Recent Healthcare Data Breaches as of September 6, 2021

During holiday weekends, like Labor Day, there tends to be an increase in ransomware attacks, the FBI and the Cybersecurity and Infrastructure Security Agency warned. The agencies noted that these attacks have increasingly been taking place during holiday weekends, such as Mother’s Day weekend, Memorial Day weekend, and the Fourth of July weekend.

From January 1 to July 31, 2021, there were 2,084 ransomware complaints, a 62% increase over the same time period a year earlier, and more than $16.8 million in losses, a 20% increase from the previous year.

In general, healthcare data breaches are on the rise, according to the 2021 Identity Breach Report. Compared with 2019, healthcare experienced a 51% increase in the total volume of records exposed.

Here is a look at some recent healthcare data breaches:

DuPage Medical Group. In August, the Illinois-based physician group notified 600,000 patients that their personal health information was exposed when the computer network was hacked in July, according to the Chicago Sun-Times.

Metro Infectious Disease Consultants. A breach of employee email accounts at the physician group that includes more than 100 infectious disease physicians in the Chicago area may have exposed data for 171,740 patients. The incidence was detected June 24. Patients’ names, birth dates, Social Security numbers, medical data, and more may have been accessed.

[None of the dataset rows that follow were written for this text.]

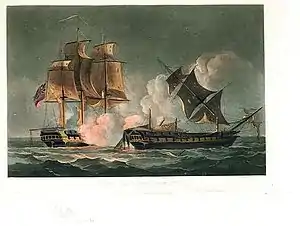 For the next hour and a half the frigates poured shot into one another at close range, until Cooke was struck by grape shot at 01:30 on 1 March, replaced by his first lieutenant Lucius Hardyman. For another hour the action continued, French fire gradually slackening until it stopped completely at 02:30, by which time only four French guns remained operational.[24] Hardyman hailed to ask whether Forte had surrendered but the French did not reply and he ordered another broadside. A second hail also brought no response but sailors were seen attempting to repair the rigging on Forte.[26] Concerned that the French were attempting to escape, Hardyman concentrated his fire on the masts of Forte, bringing them crashing down one by one until at 03:00 Forte was completely dismasted.[23][27] With all resistance ended, British merchant prisoners on board Forte emerged from below decks and hailed Sybille, requesting a boat be sent across so that British Lieutenant Nicholas Manger could formally take the surrender of the French ship.[6]
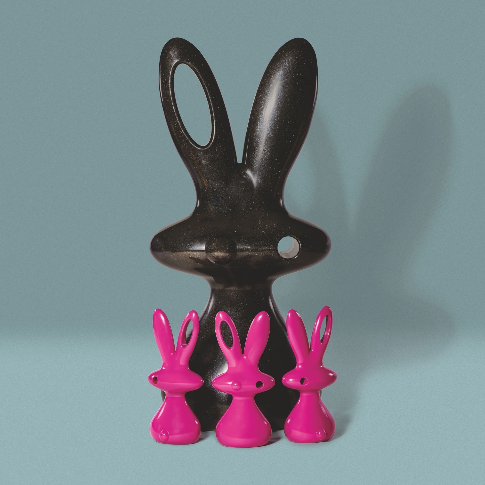 The Cosmo Bunny sculpture, standing at 185 cm, is made by Slide from polyethylene, a material known for its durability and resilience. This delightful sculpture was created in 2008 from the collaboration between the renowned Japanese artist Aki Kuroda and Slide's founder, Giò Colonna Romano, where the blend of art and design reached its peak in terms of creativity and research. The sculpture is characterized by smooth lines, a multitude of colors, and a playful shape that presents a friendly depiction of the rabbit, an animal loved by both adults and children for its sweetness and vitality. Add a touch of originality and brightness, transforming any space into a corner of pure joy and imagination with the Cosmo Bunny sculpture: from the living room to the bedroom, from the office to your children's room, Bunny becomes a true companion in life. Discover the magic with Slide's Cosmo Bunny sculpture: more than just a decorative object, it is a real design element. Purchase it right here, on Newpop.it! Designed by Aki Kuroda for Slide.
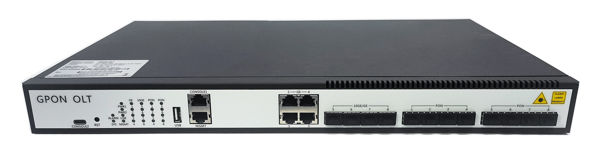 8 PON Ports GPon OLT 4*10GE/GE SFP+ 4*1GE RJ45 Uplink Port Dual power with optional
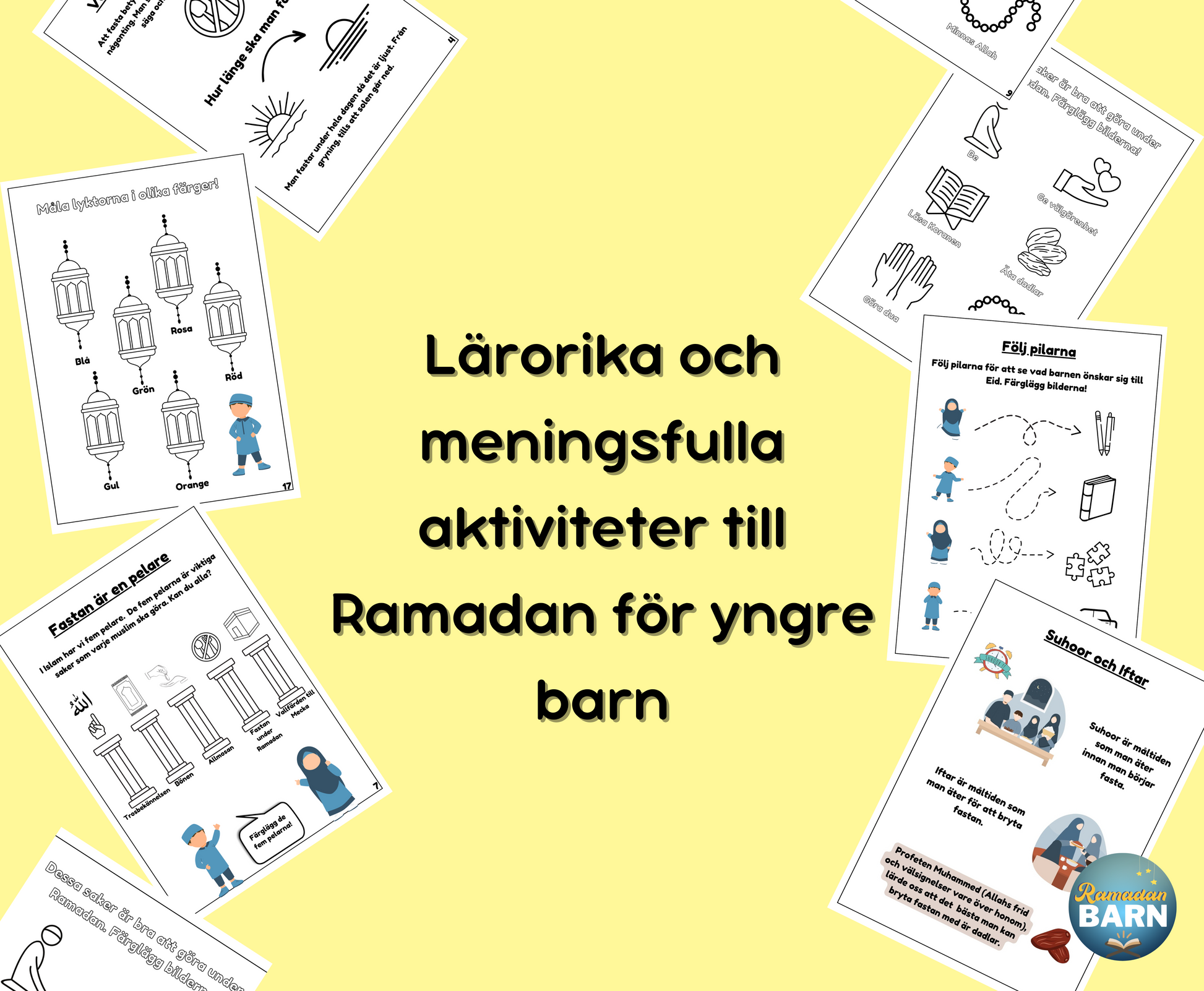 Det här aktivitetshäftet är tänkt att lära ditt barn, i åldern 4 år och äldre, grundläggande kunskap om Ramadan på ett underhållande sätt. Med våra egna barn i åtanke skapade vi detta häfte eftersom vi själva har saknat någonting liknande på svenska.
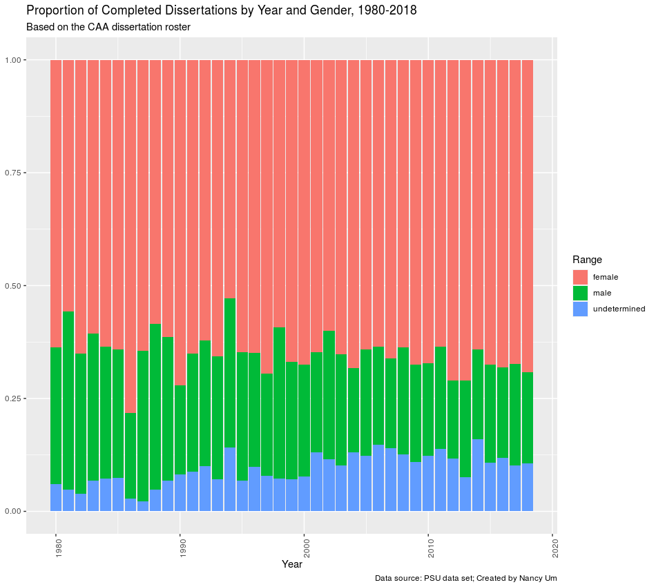 Fig. 3 Proportion of Completed Dissertations by Year and Gender, 1980–2018, Based on the CAA Dissertation Roster and the PSU Data Set (created by Nancy Um; click for larger version)
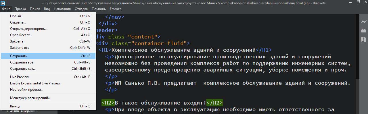 В файле index.html пропишем подзаголовок страницы H2. Нажмем сохранить.
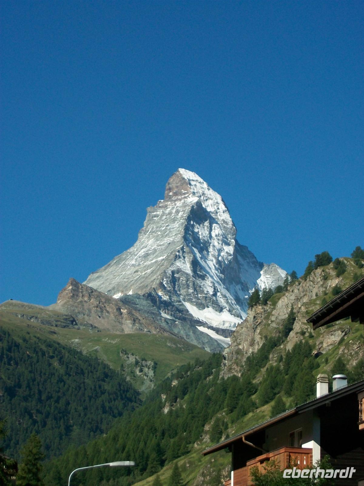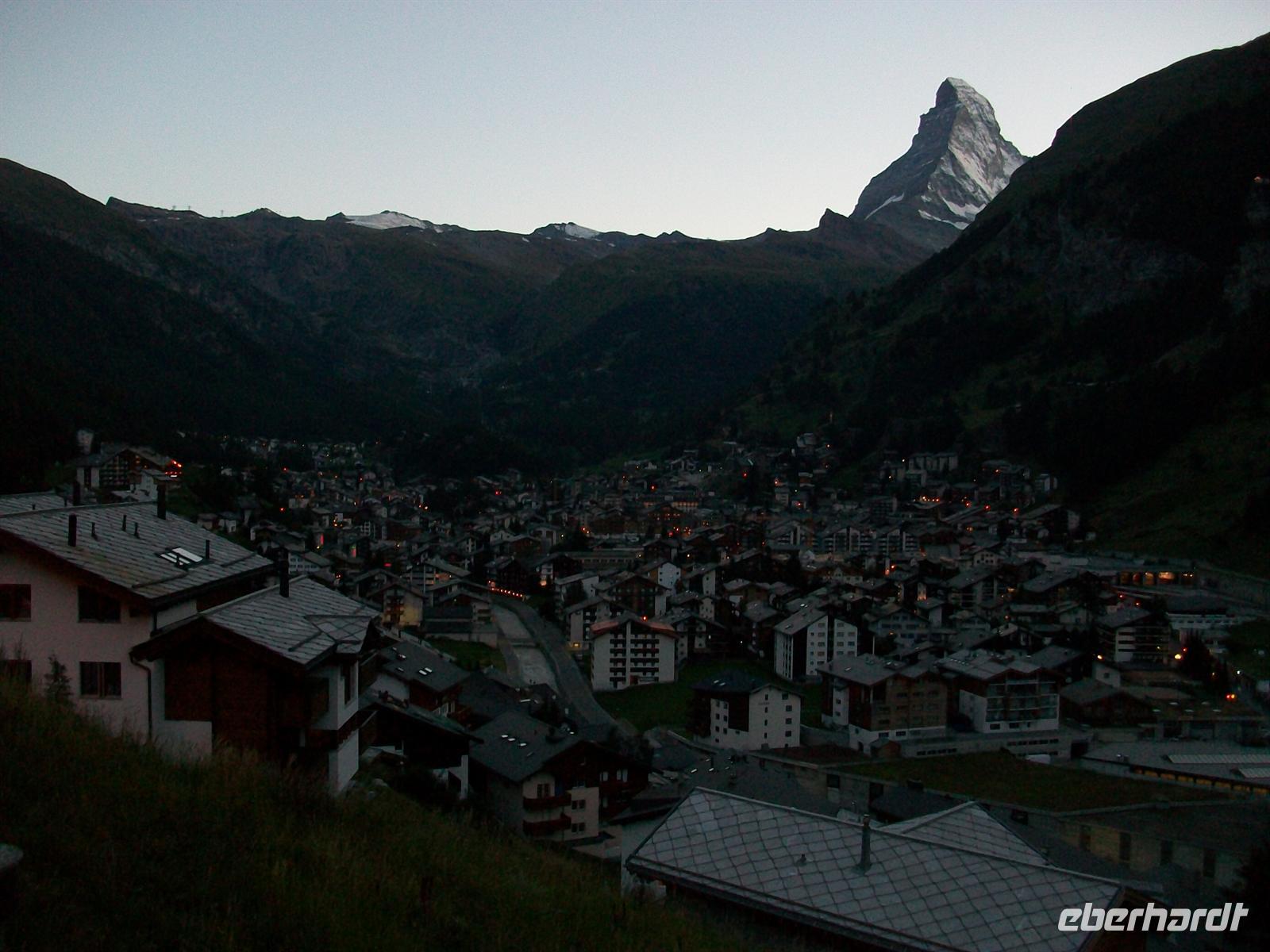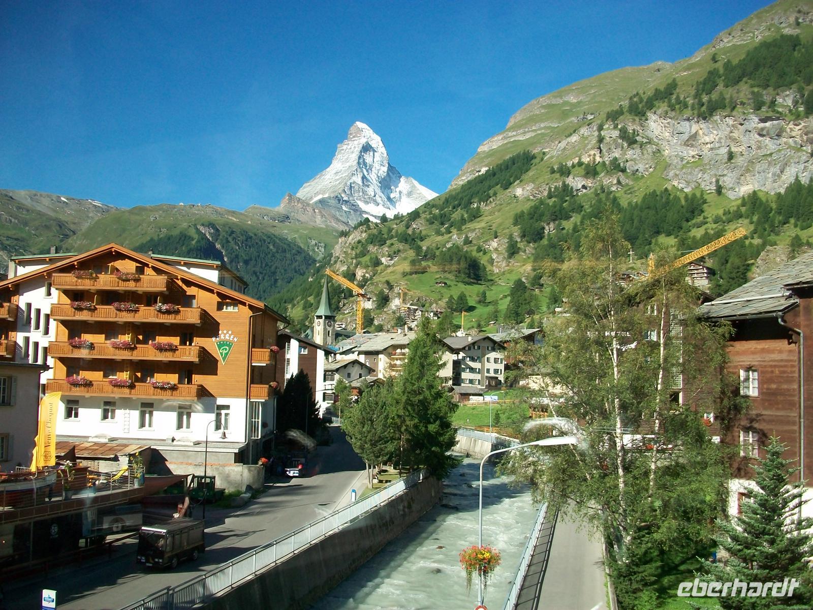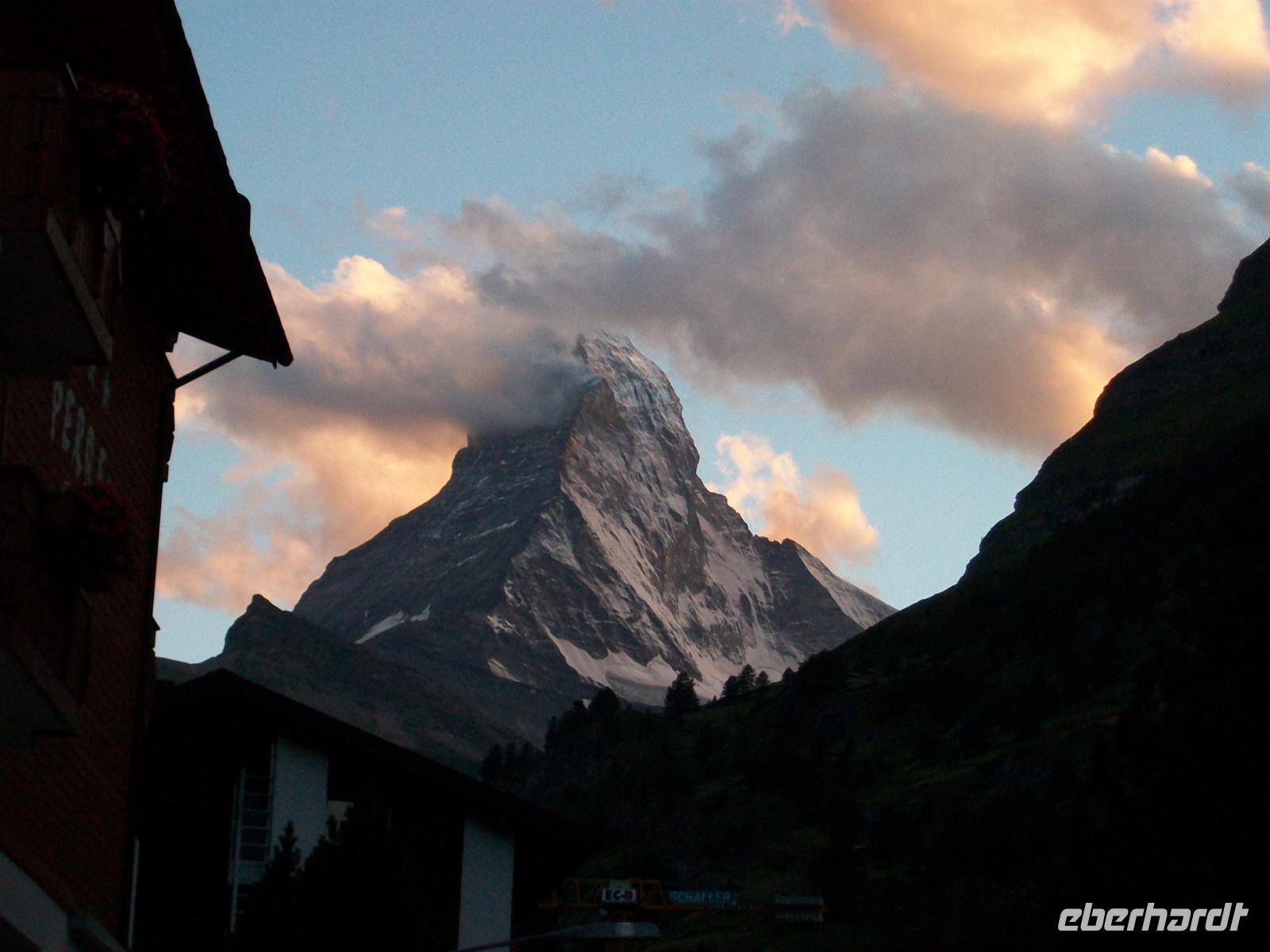 Unaufhörlich geht der Zeiger voran, vorbei an den Walliser Ortschaften des immer schmaler werdenden Tales langen wir kurz nach halb sieben in Zermatt an. Etwas abgespannt aber immer noch im Banne des Erlebten gehen wir zu unserem Hotel. Nun werden wir auch noch vom Matterhorn höchstpersönlich begrüßt, ohne eine Wolke ist es rechts zu sehen und die Fotografen kommen schon jetzt auf ihre Kosten. Am Hotel „Perren“ angelangt werden wir nett begrüßt, schnell sind die Zimmer bezogen und etwas später lassen wir uns in trauter Runde das reichhaltige und gute Abendessen schmecken. Ein wirklich ereignisreicher Tag neigt sich dem Ende entgegen und so mancher unserer Gäste gönnt sich noch einen Bummel durch das abendlich- romantische Zermatt.
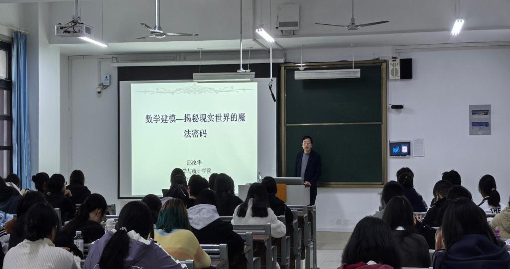 邱汶华老师系统介绍了数学建模竞赛的背景、规则、重要性及我校学生的参赛情况,他结合历年经典赛题,深入浅出地讲解了数学建模的思路、方法和步骤。互动环节中,邱汶华老师对于学生们提出的专业问题给出针对性回答。
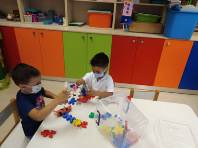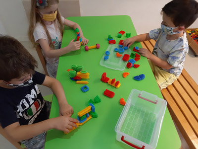 παίζοντας με κατασκευές, πλάθοντας πλαστελίνη,
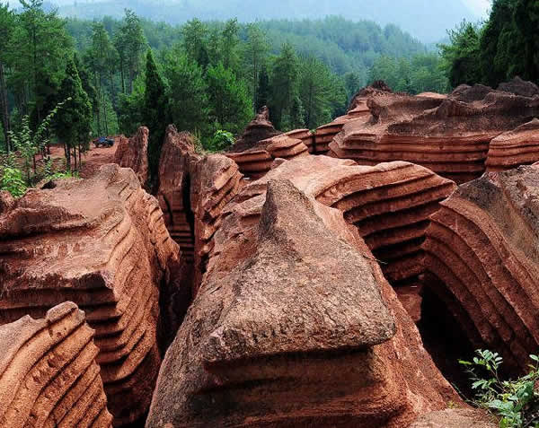 紅石林 告別船工后一切便突然安靜下來,過山谷的小路沒有人家,偶爾傳來幾聲清脆的鳥叫。穿過幾座隘口,峰回路轉(zhuǎn)后“石林”漸漸露臉,石頭的顏色是由灰白到棕紅,變幻而又使人聯(lián)想。間或一棵參天大樹,或是綠竹三兩棵,則又是另一番景致了。于高于低、于肥于瘦的石林,于石于樹、于濃于淡的色彩,顯得雄奇又雋秀,并透露出一種清靈飄逸。 這些石柱不但顏色各異,而且大小不等。有的高達七、八米,而有些則像半埋于地下的巨獸骨架。一位村民告訴記者,現(xiàn)在石林沒有以前壯觀,都長渣子(灌木)了。原因是由于山頂樹木減少,雨水將泥土帶下山,很多石頭都被埋在土下,后來這些地方都開墾了農(nóng)田,石林也被永久覆蓋。 由于泥土覆蓋,石林被切割成一個個小區(qū)域,有些隱蔽在果林中,而有些則像突然從天而降,散落田間。
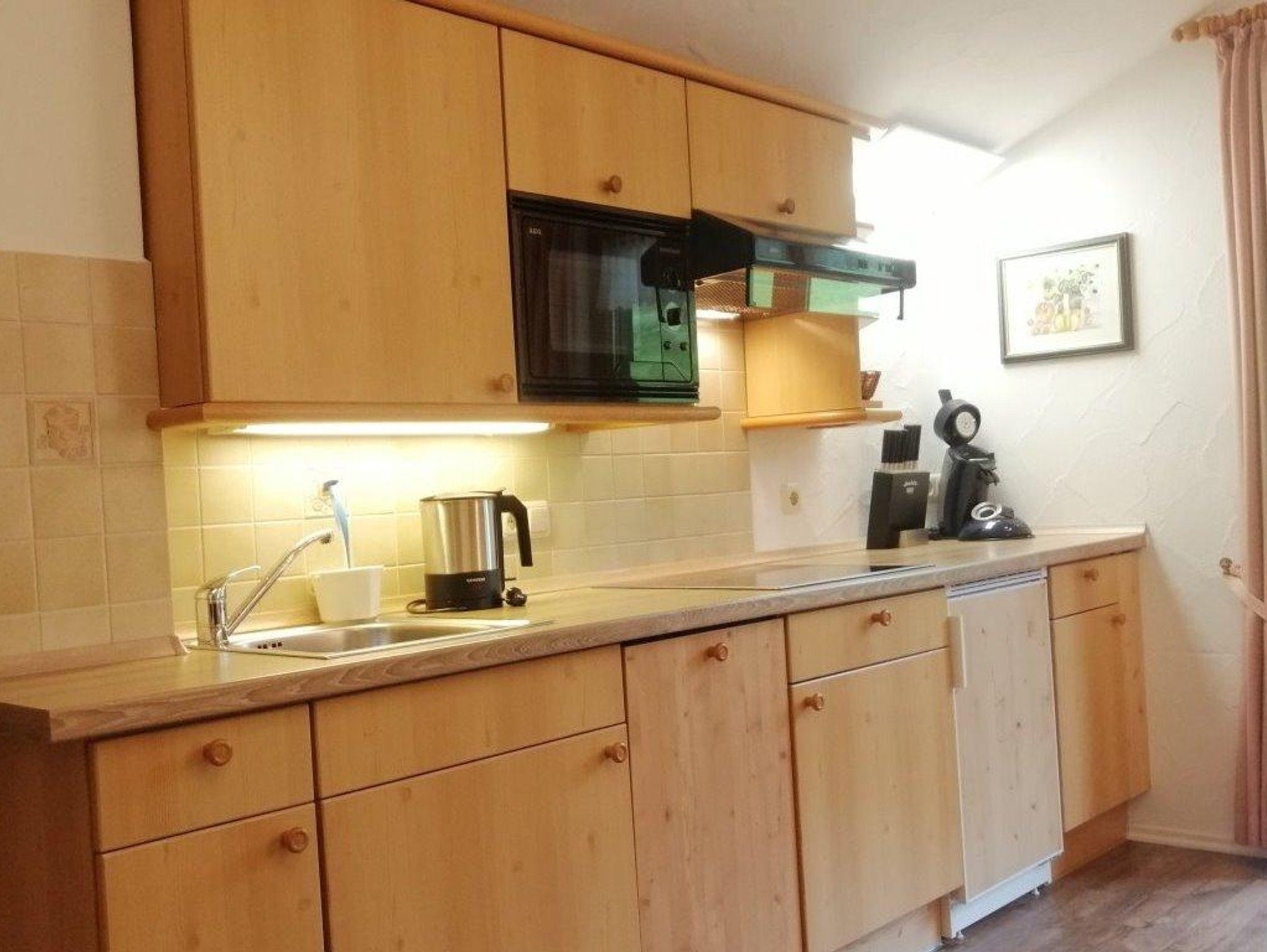 Die Küchenzeile ist ausgestattet mit einer Senseo Kaffeepadmaschine, Spülmaschine, einem 4-Platten-Cerankochfeld, Wasserkocher, Toaster, Mikrowelle sowie Ess- und Kochgeschirr.

Eskenazi Health. After a ransomware attack on its network, the Indianapolis-based hospital is notifying patients that some stolen data is being posted online. The attack happened on August 4, although the hospital did not reveal how many patients were affected.

Revere Health. After an email account of an employee at the Utah-based physician group was breached in June, about 12,000 medical records were exposed. Medical record numbers, birth dates, procedures, and provider and insurance provider names were all exposed, although they were not shared online.

Atlanta Allergy & Asthma. Almost 10,000 patients were informed in early August that a cyberattack in January had exposed names, Social Security numbers, birth dates, financial account numbers, diagnoses, and more. Since the attack, there have been no reports of fraud or use of the personal health information.

University Medical Center. The Las Vegas-based hospital reported to HHS that 1.3 million people were affected by a cyberattack. Personal data obtained in the attack was posted online. The attack took place in mid-June.

St. Joseph’s/Candler. The Savannah-based hospital reported that 1.4 million individuals were affected by a data breach that occurred in June. However, while the activity was discovered June 17, the hacker had initially accessed the network as early as December 18, 2020. Names, Social Security numbers, addresses, financial details, and more were exposed.

University of New Mexico Health. The health system, based in Albuquerque, notified 637,252 patients that they may have been affected by the attack. The breach was discovered June 4, but the files were accessed May 2. The files contained patient names, addresses, medical record numbers, and more. Some Social Security numbers were exposed.